Dataset content:

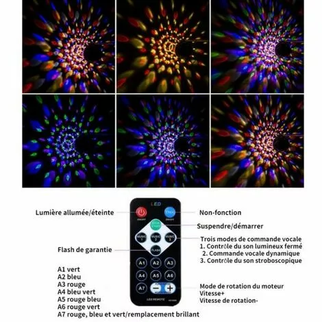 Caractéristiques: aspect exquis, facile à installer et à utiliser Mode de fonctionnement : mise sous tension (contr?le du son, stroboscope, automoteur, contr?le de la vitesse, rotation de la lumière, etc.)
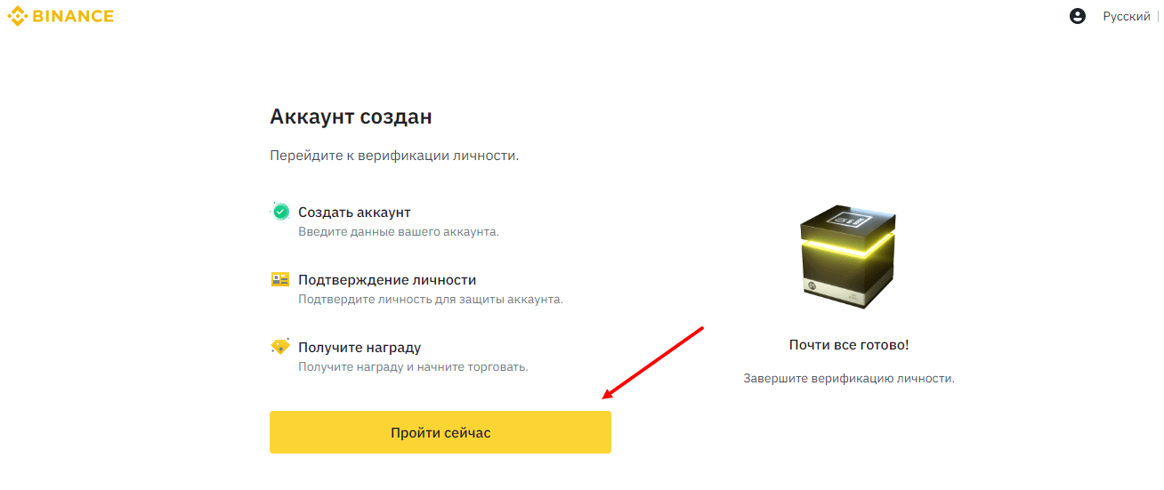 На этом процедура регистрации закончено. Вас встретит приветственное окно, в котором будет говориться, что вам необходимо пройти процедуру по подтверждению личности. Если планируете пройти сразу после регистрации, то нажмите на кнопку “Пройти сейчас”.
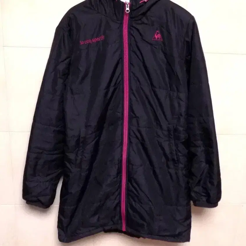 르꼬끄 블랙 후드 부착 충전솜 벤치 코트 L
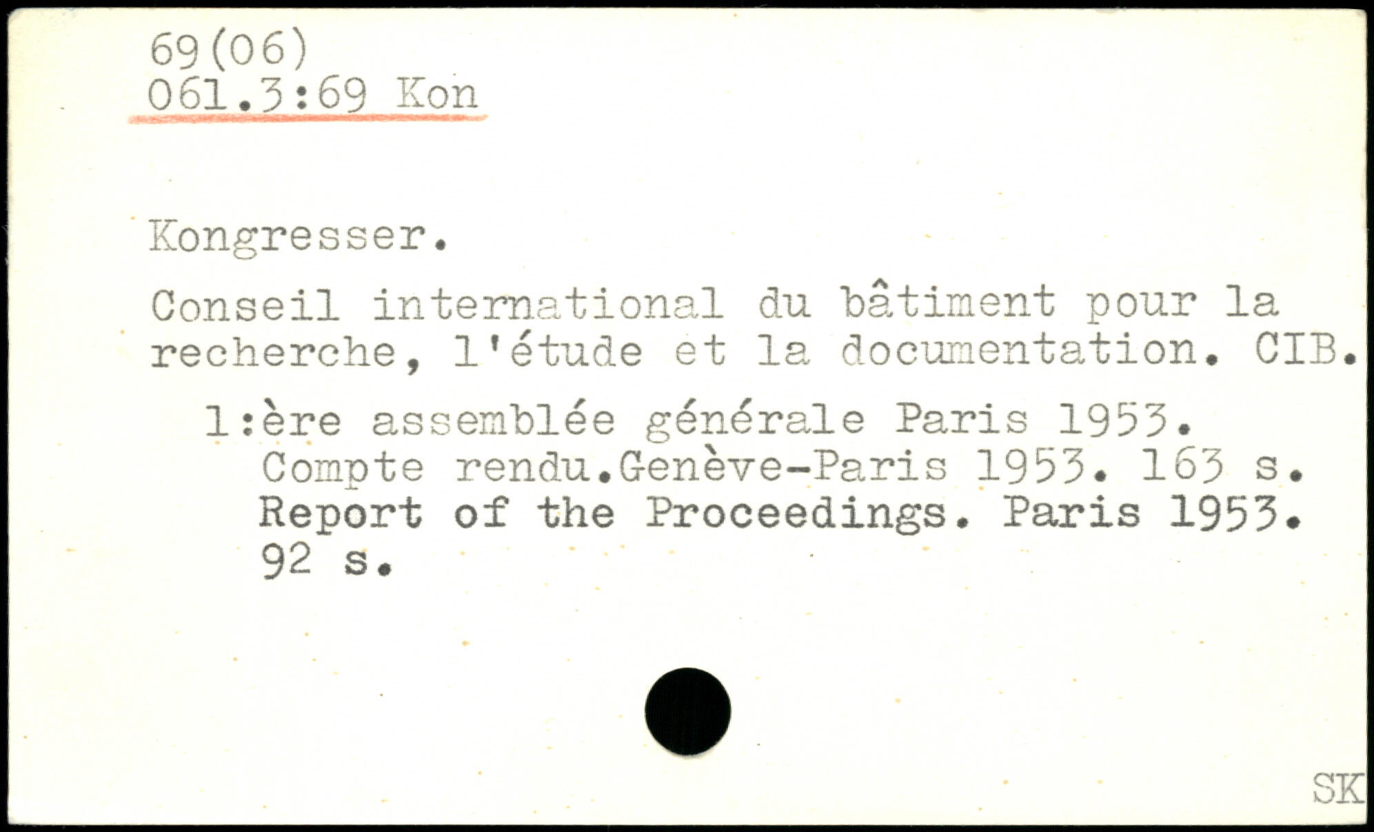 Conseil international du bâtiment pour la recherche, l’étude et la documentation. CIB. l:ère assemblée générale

Problem to solve: Leave out the pictures; repeat the data exactly.

Exercise result:
 Caractéristiques: aspect exquis, facile à installer et à utiliser Mode de fonctionnement : mise sous tension (contr?le du son, stroboscope, automoteur, contr?le de la vitesse, rotation de la lumière, etc.)
 На этом процедура регистрации закончено. Вас встретит приветственное окно, в котором будет говориться, что вам необходимо пройти процедуру по подтверждению личности. Если планируете пройти сразу после регистрации, то нажмите на кнопку “Пройти сейчас”.
 르꼬끄 블랙 후드 부착 충전솜 벤치 코트 L
 Conseil international du bâtiment pour la recherche, l’étude et la documentation. CIB. l:ère assemblée générale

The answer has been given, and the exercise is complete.